=== WHAT YOU NEED TO DO ===
Once the images are set aside, output the listing exactly as it stands.
☆ ☆ ☆ ☆
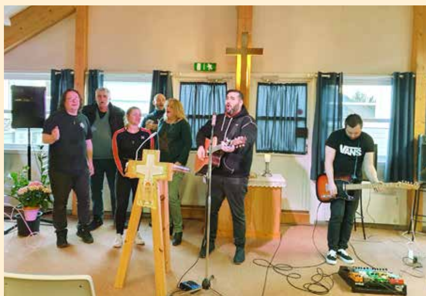
Venner fra Østerbo synger og vitner.

Vi ønsker Evangeliesenteret velkommen til byen og gleder oss over alle som gjennom deres innsats får hjelp til å komme ut av rusen.
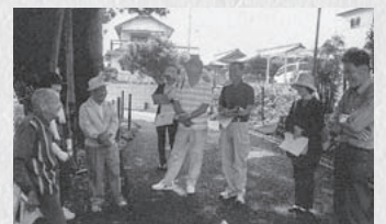
1.川合町の昔を聞く(美濃加茂市)
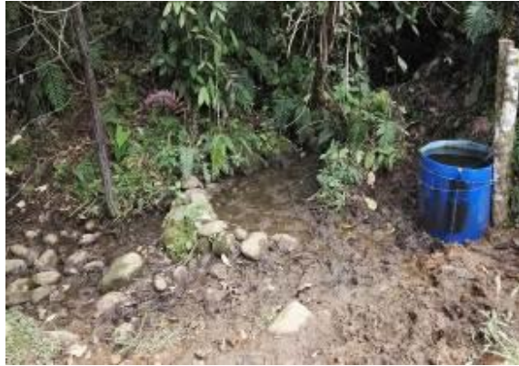
Huellas de Ganado al Interior del Predio y Bebedero del ganado en el Cauce de la quebrada
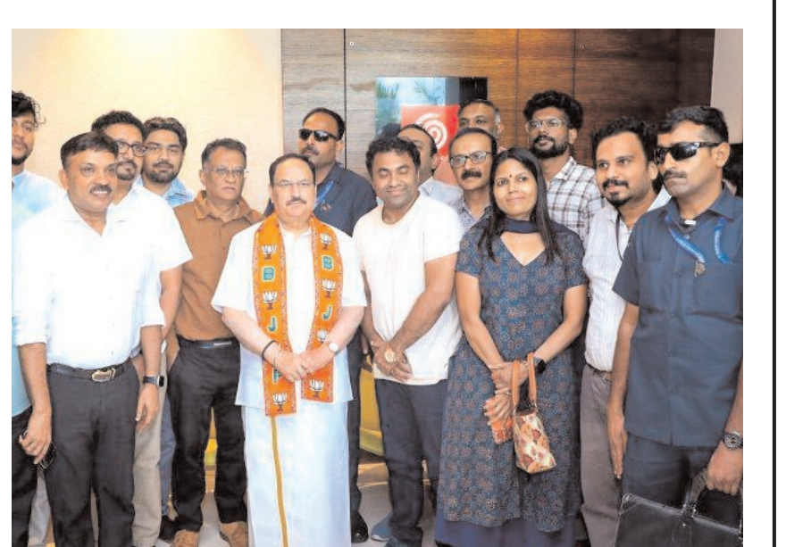
केंद्रीय मंत्री जगत प्रकाश नड्डा रविवार को केरल के तिरुवनंतपुरम में एक इवेंट के दौरान मेडिकल प्रोफेशनल्स से बातचीत करते हुए।
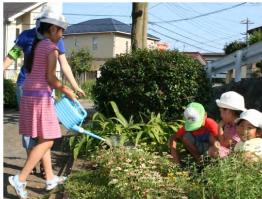
子供たちと花壇を手入れする様子
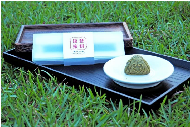
▲憑證(本年度准考證、報考證明或影本)兌換登科及第祈福文具組及如意包中糕
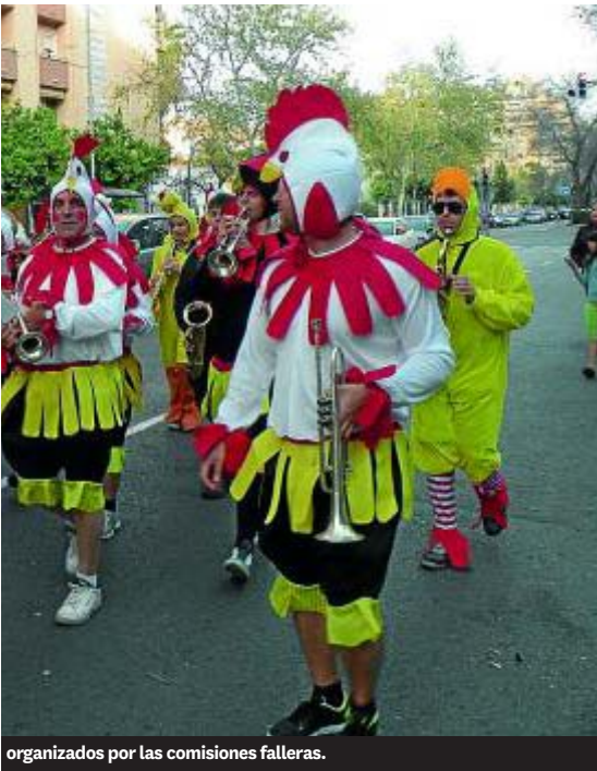
organizados por las comisiones falleras.
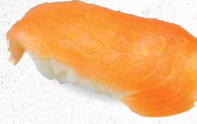
68 Räucherlachs – 4,70 Avocado 3,D
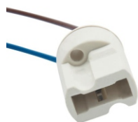
BASE PARA LÂMPADA HALOPIN COM RABICHO BLA 15112
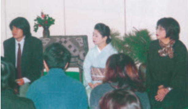
当日の講師3名・参加者ら

地球環境学堂では、さる平成16年11月29日（月）夕に、第1回の「はんなり京都嶋臺塾」を、東洞院御池にある町家で開催した。
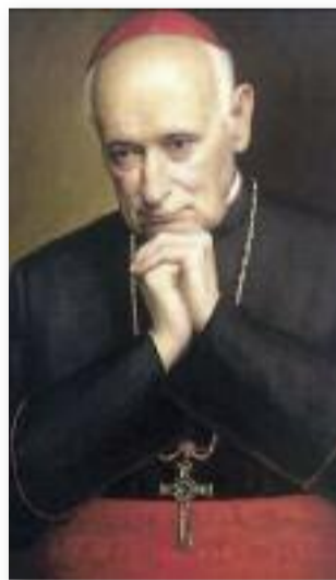
Mindszenty bíboros egy festményen ábrázolva

Több alkalommal is felvetődött, hogy önként távozzon a követségről. Először 1958 októberében: XII. Piusz pápa halálát követően a kérdés az volt, hogy Mind-
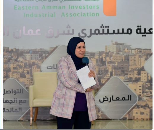
إطلاق مبادرة لتعزيز قطاع التعبئة والتغليف في جمعية مستثمري شرق عمان بالتعاون مع USAID
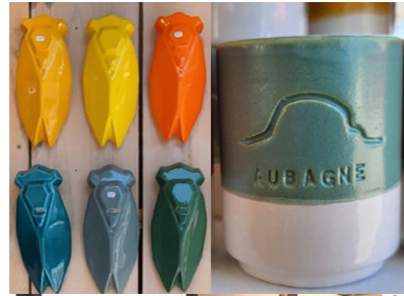
OTI Bormes-les-Mimosas et La Provence
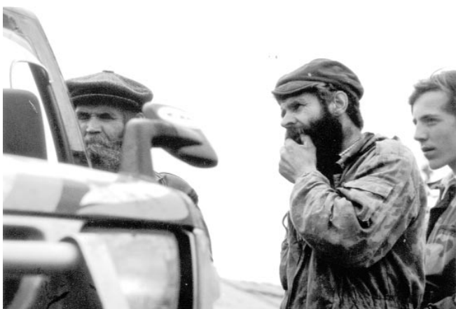
▲ Староверы перед невиданной техникой (д. Безымянка)

Покидаем Безымянку, увозя в сердце частичку душевного тепла от общения с открытыми, добрыми, сильными в вере людьми.
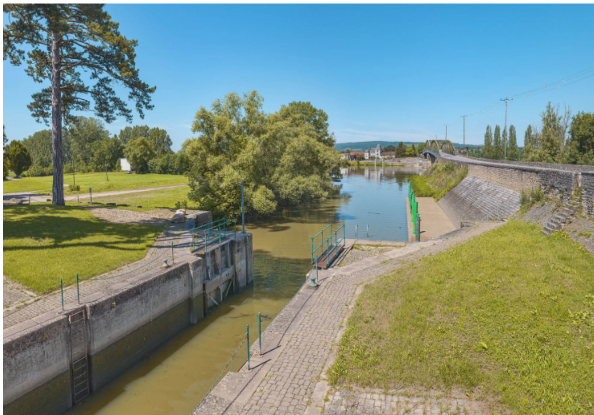
L'entrée du canal de Pont-de-Vaux à hauteur du pont de Fleurville.
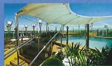
展望ラウンジやザ・ワン・プールなどのプライベートエリア

フレンチレストラン「レトワール」、地中海料理「ロリーヴォ」のお食事を無料でご堪能いただける他、ヨットクラブエリア外にある専用スペースでもお食事ができます。お飲み物の無料サービスもご用意。
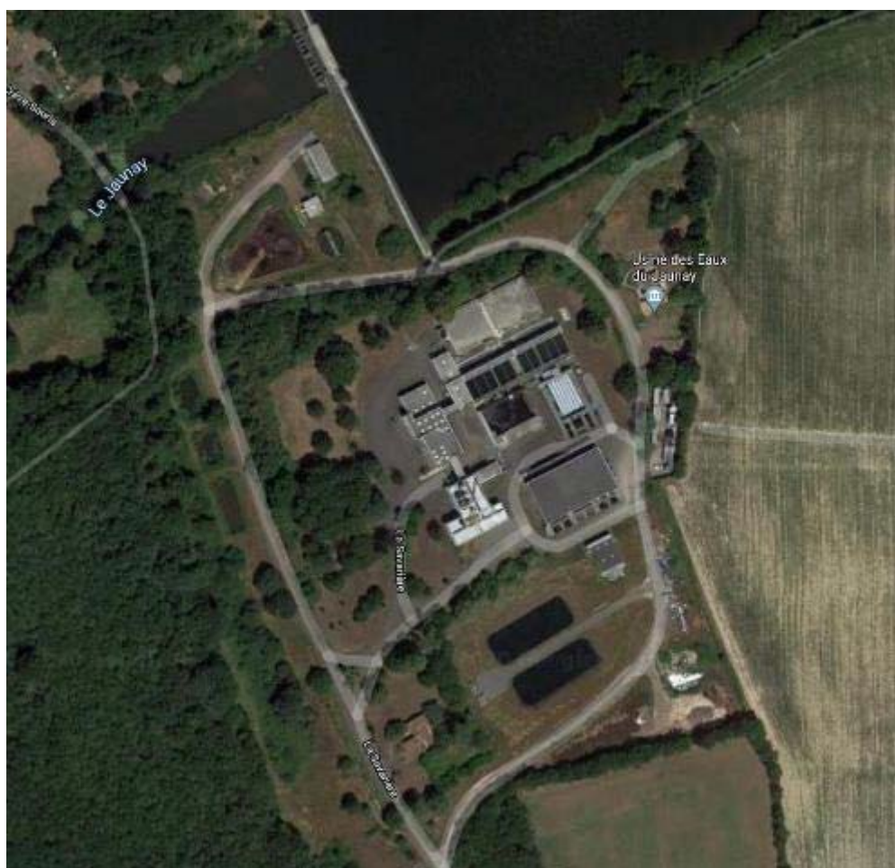
Vue aérienne du site de la station de traitement du Jaunay à proximité du barrage
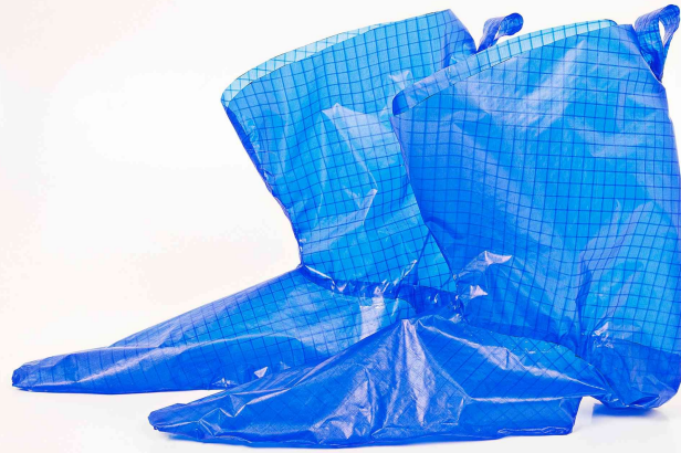
Abb.: Alex Gehrke, Balenciaga II, 2017
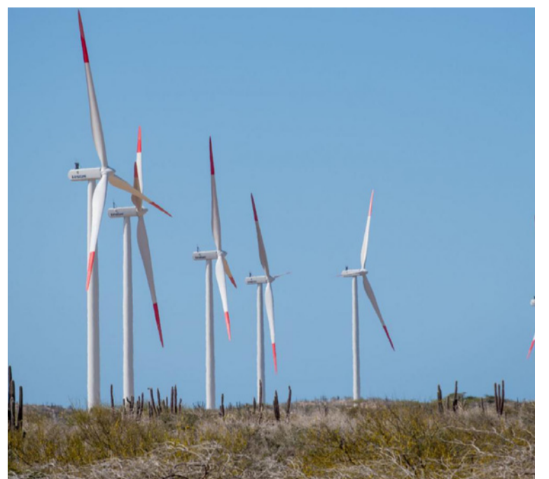
Así las cosas, La Guajira se convierte es un epicentro del conocimiento en energías renovables.
☆ ☆ ☆ ☆
=== YOUR RESPONSE ===
Venner fra Østerbo synger og vitner.

Vi ønsker Evangeliesenteret velkommen til byen og gleder oss over alle som gjennom deres innsats får hjelp til å komme ut av rusen.
1.川合町の昔を聞く(美濃加茂市)
Huellas de Ganado al Interior del Predio y Bebedero del ganado en el Cauce de la quebrada
केंद्रीय मंत्री जगत प्रकाश नड्डा रविवार को केरल के तिरुवनंतपुरम में एक इवेंट के दौरान मेडिकल प्रोफेशनल्स से बातचीत करते हुए।
子供たちと花壇を手入れする様子
▲憑證(本年度准考證、報考證明或影本)兌換登科及第祈福文具組及如意包中糕
organizados por las comisiones falleras.
68 Räucherlachs – 4,70 Avocado 3,D
BASE PARA LÂMPADA HALOPIN COM RABICHO BLA 15112
当日の講師3名・参加者ら

地球環境学堂では、さる平成16年11月29日（月）夕に、第1回の「はんなり京都嶋臺塾」を、東洞院御池にある町家で開催した。
Mindszenty bíboros egy festményen ábrázolva

Több alkalommal is felvetődött, hogy önként távozzon a követségről. Először 1958 októberében: XII. Piusz pápa halálát követően a kérdés az volt, hogy Mind-
إطلاق مبادرة لتعزيز قطاع التعبئة والتغليف في جمعية مستثمري شرق عمان بالتعاون مع USAID
OTI Bormes-les-Mimosas et La Provence
▲ Староверы перед невиданной техникой (д. Безымянка)

Покидаем Безымянку, увозя в сердце частичку душевного тепла от общения с открытыми, добрыми, сильными в вере людьми.
L'entrée du canal de Pont-de-Vaux à hauteur du pont de Fleurville.
展望ラウンジやザ・ワン・プールなどのプライベートエリア

フレンチレストラン「レトワール」、地中海料理「ロリーヴォ」のお食事を無料でご堪能いただける他、ヨットクラブエリア外にある専用スペースでもお食事ができます。お飲み物の無料サービスもご用意。
Vue aérienne du site de la station de traitement du Jaunay à proximité du barrage
Abb.: Alex Gehrke, Balenciaga II, 2017
Así las cosas, La Guajira se convierte es un epicentro del conocimiento en energías renovables.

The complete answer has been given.